Review: Full Dark House (Bryant & May #1)
Arthur Bryant and John May first meet as (very) young detectives in 1940 in London. They have been selected for the Met’s new unit: The Peculiar Crimes Unit, which is defined by the Home Secretary as “London’s last resort for sensitive cases” but as Bryant explains to May on their first meeting “it’s becoming a home for dubious and abnormal crimes”. London is in the midst of constant bombardment by the Germans, “If London was the centre of the world, the world was burning. It was a violent place in which to discover a purpose.
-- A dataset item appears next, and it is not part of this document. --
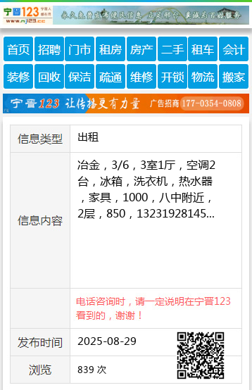 冶金,3/6,3室1厅,空调2台,冰箱,洗衣机,热水器,家具,1000,八中附近,2层,850,13231928145
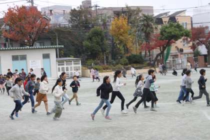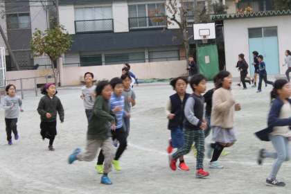 子どもたちにとって持久走はすっかり生活の一部です。

It was a good place to forge a friendship.”
In modern day London, an explosion obliterates the North London Peculiar Crimes Unit, with an elderly Arthur Bryant in it. May and his fellow ageing colleagues conclude that the destruction of the unit and murder of Bryant relate to the first case that Bryant and May investigated in 1940, involving the discovery of a dancer’s body, with her feet removed.
The story alternate between this original investigation and the current. These time shifts are made easy for the reader to discern by cleverly making reference in the first paragraph either to something modern, for example a MacDonald’s cafe, or something relating to the war.
If you are at all interested in the theatre and the workings of stage productions, you will find the mystery surrounding the murders during the production fascinating. Fowler is particularly effective in creating an atmosphere of menace, and the theatre setting adds a gothic note to the mystery. The love of theatre and the people who work behind the scenes of a production is apparent: “They were the real theatre angels, happy to remain in the shadows beyond the footlights, only tangentially attached to the stage, essential to its survival.” London during the Blitz is a character in of itself, creating a sense of foreboding and an underlying constant tension.
This is the first book in the Bryant and May series and sets the scene for future mysteries. What makes this book so appealing is the obvious affection that develops between these two very different men. “For the next five decades, the two detectives made it their habit to walk along the south bank of the Thames around sunset…They argued about criminal psychology, endlessly revising their conclusions, but sometimes, when the sky was lower and the colours were drained from the Embankment buildings, they talked of women they had loved and lost, and plans made and abandoned, of outlandish ideas and unrealised dreams; often they just walked in comfortable silence…”
I am looking forward to spending more time in the company of Arthur Bryant and John May.